# What do you do when all the knives in your kitchen are sharp?



## RubbishCook (Mar 30, 2016)

I have been practicing sharpening the last couple weeks and I want to continue practicing but all of my knives are sharp. I cannot cook enough to keep up with the amount of sharpening I would like to be doing.

Should I dull my old knives? I want to keep getting better such that I can attempt to sharpen my Wilburn without sending it out.


----------



## WingKKF (Mar 30, 2016)

You have friends and family right? Be the sharpening evangelist. Go forth and spread of gospel of keen edges. Trade sharpening services for food with your local friendly restaurants.


----------



## jacko9 (Mar 30, 2016)

Friends and family - you'll build up a lot of good karma and they will have sharp knives (most of them for the first time).


----------



## Smurfmacaw (Mar 30, 2016)

I even do my coworkers and neighbors knives, especially if they accidentally have something worthwhile (i.e. no freaking full height bolsters.)


----------



## Smurfmacaw (Mar 30, 2016)

Oh yeah, also sounds like you need more knives. :whistling:


----------



## ThEoRy (Mar 30, 2016)

Buy more knives.


----------



## Jovidah (Mar 30, 2016)

I guess that's the point when you dive into straight razors, just so you always have something to sharpen.


----------



## Castalia (Mar 30, 2016)

Agree with ideas above, like friends knives and straight razors, and I will add pocket knives, and woodworking hand tools like planes and chisels. Lots of things that need to be sharpened.irate1:


----------



## Mucho Bocho (Mar 30, 2016)

Have the same problem, exceptional knives and stones lend to touch ups more than low to high grit stone work.


----------



## Keith Sinclair (Mar 30, 2016)

Opposite end of straight razors - hatchet, Axe, wood chisel, Machete, Garden Tools.


----------



## Anton (Mar 30, 2016)

You could also talk to your significant other about our porblems


----------



## clsm1955 (Mar 30, 2016)

I got so desperate I sharpened my dough scraper


----------



## Cashn (Mar 31, 2016)

clsm1955 said:


> I got so desperate I sharpened my dough scraper



I've considered putting a little bit more of an edge on my fish spat before hehe.


----------



## gic (Mar 31, 2016)

I buy oldcarbons on the bay and fix them


----------



## JayGee (Mar 31, 2016)

flatten the backs of your chisels and planes..


----------



## Mrmnms (Mar 31, 2016)

You can also hook up with a local favorite restaurant or butcher. Pick one or 2 and do it as a freebie. I also do all my kid's teacher's kitchen knives, some parents of my kids friends.


----------



## Mangelwurzel (Mar 31, 2016)

gic said:


> I buy oldcarbons on the bay and fix them



Haha. This sounds a little like a confessional! 

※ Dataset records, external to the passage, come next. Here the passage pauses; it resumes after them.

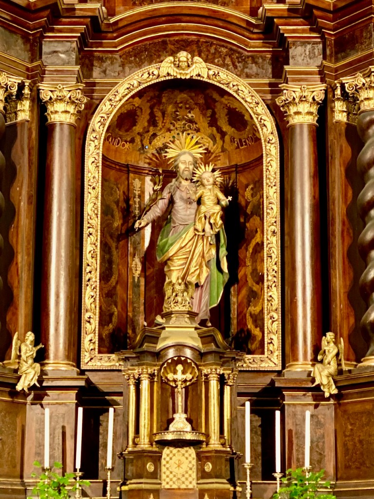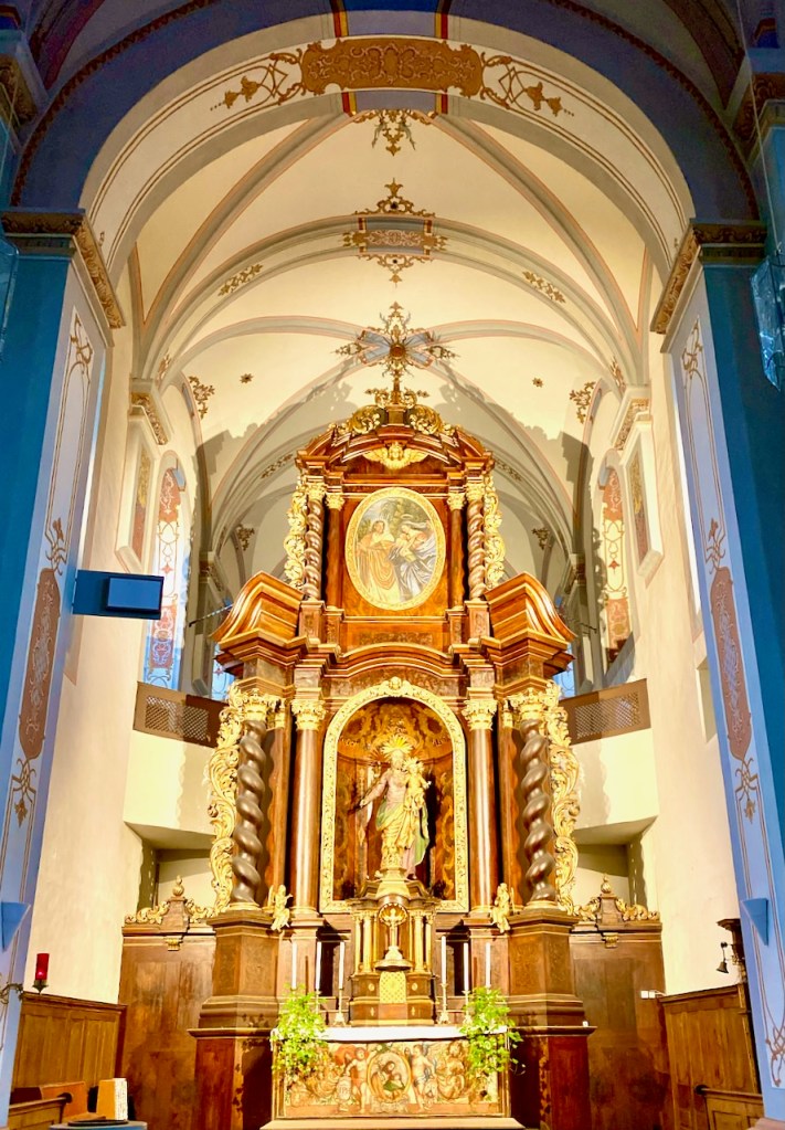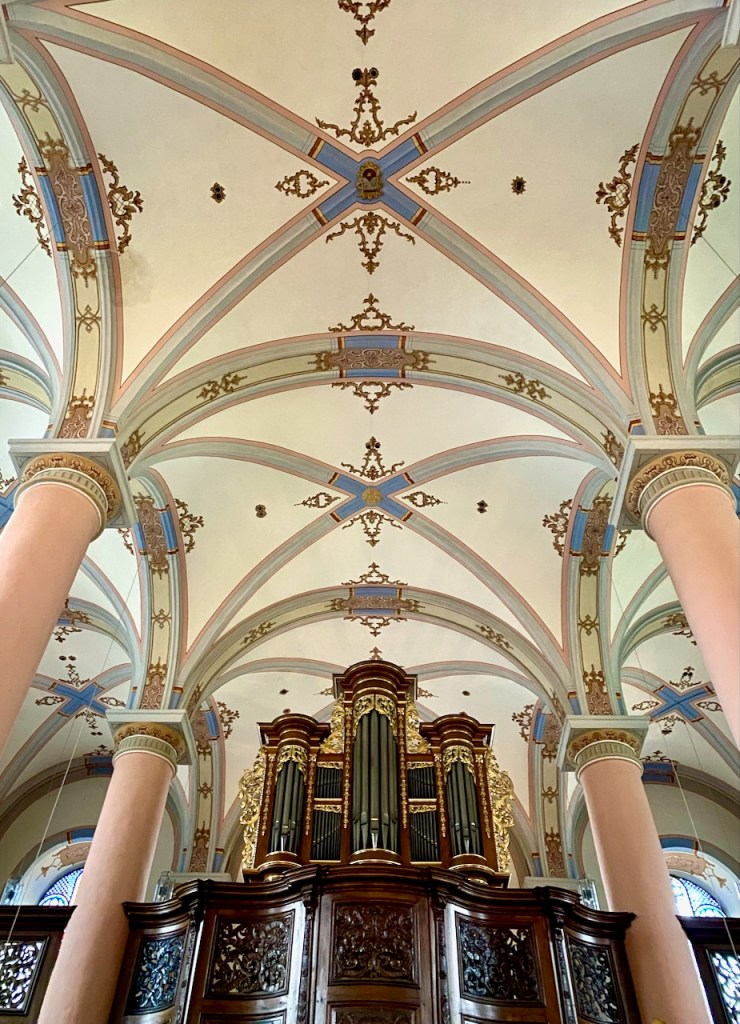 Ylhäällä rinteellä olevan kirkon edestä terassilta oli jo hyvät näkymät joelle. Ja itse kirkko oli jälleen kaunista katsottavaa.
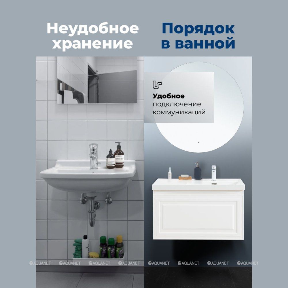 Тумба под раковину Aquanet Агата 90 белый сатин сочетает элегантность неоклассики с практичност... Подробнее
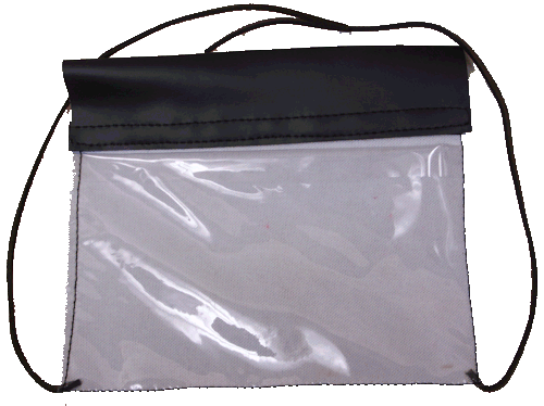 Vinyl time card or number holder. Has two strings for attaching to carriage. Pouch with clear plastic window for number. The carriage number holder measures 10 1/2 inches wide by 8 inches tall. Window is 7 1/2 inches tall by 4 5/8 inches tall. Will hold a number card measuring up to 8 x 9 inches.
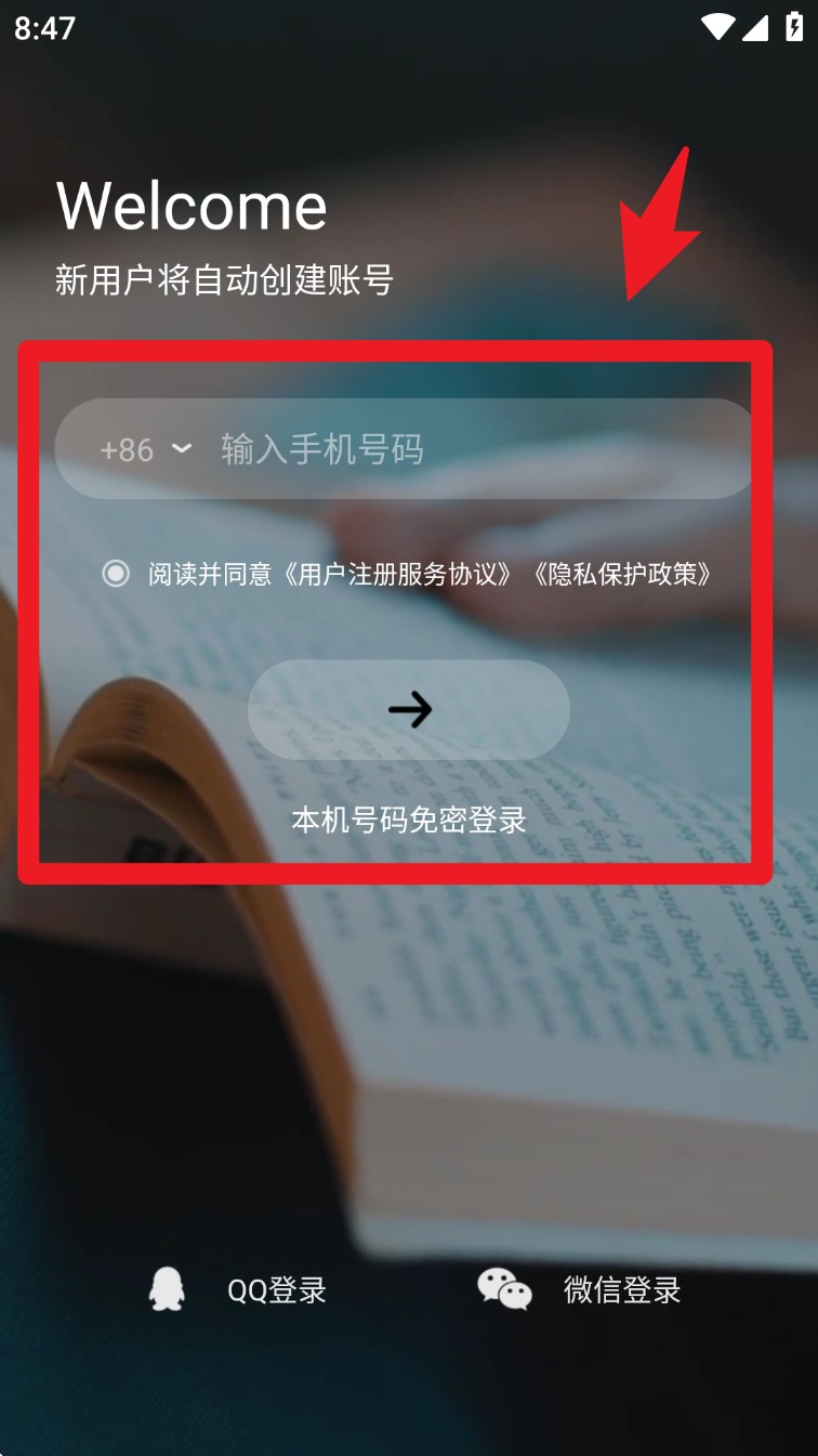 1. 开启App,进入欢迎页面,在此页面输入手机号码,同时勾选用户协议与隐私政策,确认同意后,点击箭头按钮,这样就能完成注册流程,且系统会自动登录。
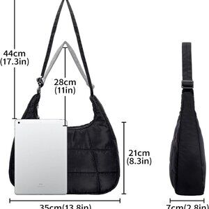 Features: This stylish quilted tote easily switches from a crossbody to a hobo, offering a roomy, lightweight option for shopping, work, or casual outings. Crafted from durable, soft nylon, it’s built for everyday use. The adjustable straps promise a comfortable fit, and its modern crescent shape adds a fashionable touch.
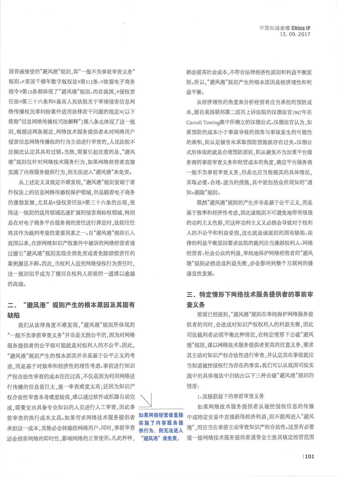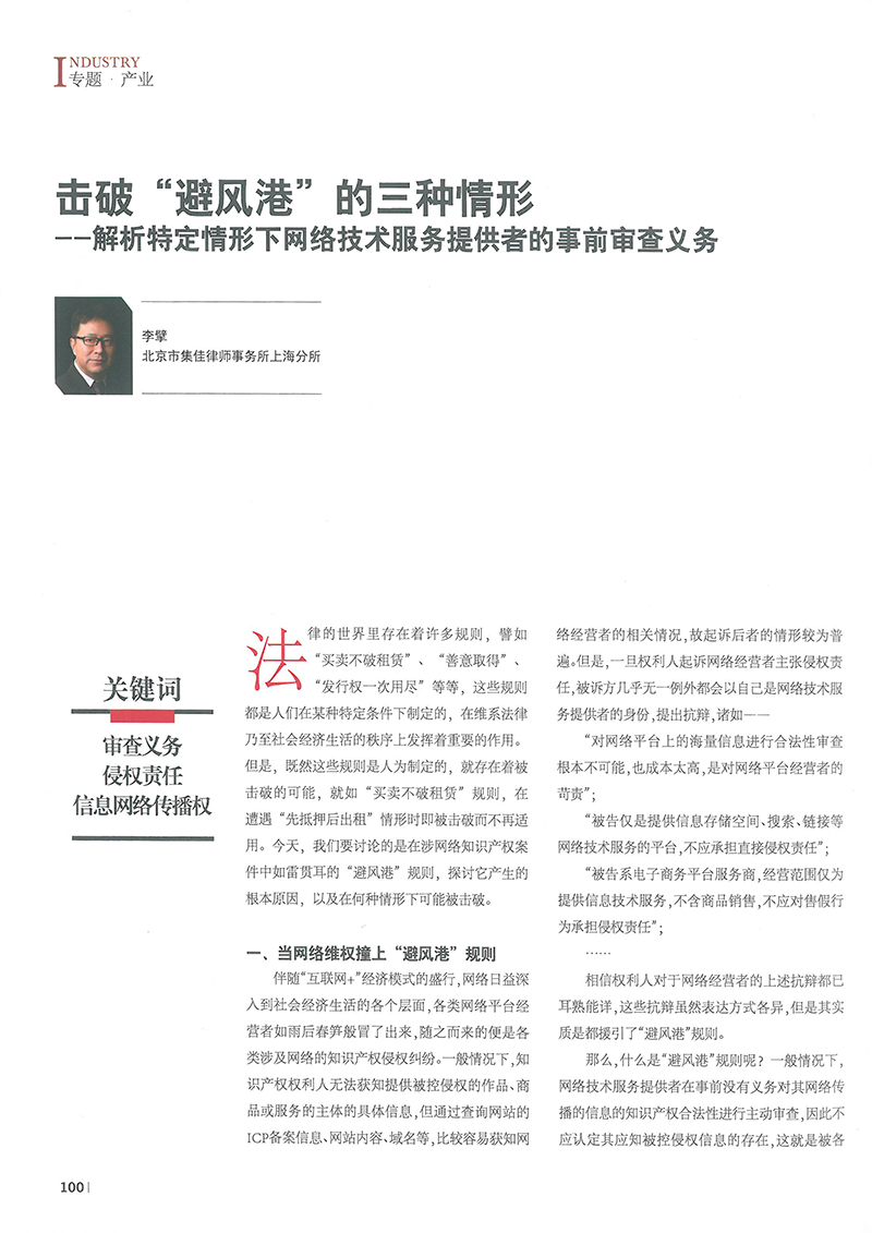 集佳文章《擊破“避風(fēng)港”的三種情形——解析特定情形下網(wǎng)絡(luò)技術(shù)服務(wù)提供者的事前審查義務(wù)》在《中國知識產(chǎn)權(quán)》發(fā)表

One word of warning: sharpening knives made of rubbish stainless doesn't quite give you the same enjoyment as sharpening decent steel. I've sharpened poor quality knives of friends/family and always slightly resent using my nice stones on them.


----------



## daveb (Mar 31, 2016)

Like the old carbons. Search eBay for vintage knives and Forgecraft and you should be able to pick up a decent carbon in the $20 range. The chef knives are sometimes pricey but the bullnose and the boning knife are cheap and are actually usefully in your kitchen.


----------



## chinacats (Mar 31, 2016)

All of the above advice is good...if you don't feel you need more knives though and your friends all have crappy stainless then I would suggest "cutting across glass" it won't cut but it should immediately dull the edge. If your knives are carbon, just cut some fresh citrus and they will need instant re-sharpening.


----------



## SmithSins (Jul 2, 2019)

Found this very good article: 6 + best way to sharpen a machete
https://bestmachete.co/how-to-sharpen-a-machete/


----------



## Elliot (Jul 2, 2019)

ThEoRy said:


> Buy more knives.



This dude hear clearly has the highest IQ in the room. Buy. More. Knives.


----------



## Ivan Hersh (Jul 2, 2019)

What your doing with practice of your sharping, is learning how to control holding the proper angle at the contact point of stone, so i recommend getting a 8000K grit finishing stone and keep on with practicing.


----------



## ian (Jul 2, 2019)

gic said:


> I buy oldcarbons on the bay and fix them



At some point, I thought that I’d be able to break even doing this as I kept selling them. However, to sell for a higher price consistently (high enough to cover all the shipping costs) I feel like you have to make visually dramatic improvements to the knife on the order of rehandling or something. Sharpening and polishing don’t really cut it.


----------



## playero (Jul 2, 2019)

Go to knife stores around you and offer to fix knives that have been returned either chipped or that client didn’t like. Tell them they can use as demos or loaners or for classes they might offer.


----------



## Prgcook (Jul 2, 2019)

Buy a cheap sanmai single bevel and a naural or to and go down the rabbit hole of polishing and kasumi finish it's very rewarding and eats up a lot of time


----------



## Nemo (Jul 2, 2019)

I use those sharp knives. Then I eventually get to sharpen them again.


----------



## Huntdad (Jul 2, 2019)

Try new stone combinations....buy more knives....buy more jnats


----------



## ojisan (Jul 2, 2019)

Buy kiridashi knives and kanas


----------



## panda (Jul 2, 2019)

turn your dinner knives into hella sharp steak knives.


----------



## Desert Rat (Jul 3, 2019)

SmithSins said:


> Found this very good article: 6 + best way to sharpen a machete
> https://bestmachete.co/how-to-sharpen-a-machete/


K....
Pumice stone first to remove rust.








It works fine but it's to much wear on my stone. To be continued...


----------



## lowercasebill (Jul 3, 2019)




----------



## ian (Jul 3, 2019)

When I’m drunk I sharpen my plastic spatulas.


----------



## Michi (Jul 3, 2019)

Get started on sharpening the spoons…


----------



## Ryndunk (Jul 3, 2019)

Cook something!


----------



## Nemo (Jul 4, 2019)

Ryndunk said:


> Cook something!


Or at the very least, cut something.


----------



## Carl Kotte (Jul 4, 2019)

Nemo said:


> Or at the very least, cut something.



Yes, like paper for example. Destroy some important documents, make the knife blunt and go back to the stones.


----------



## Nemo (Jul 4, 2019)

Carl Kotte said:


> Yes, like paper for example. Destroy some important documents, make the knife blunt and go back to the stones.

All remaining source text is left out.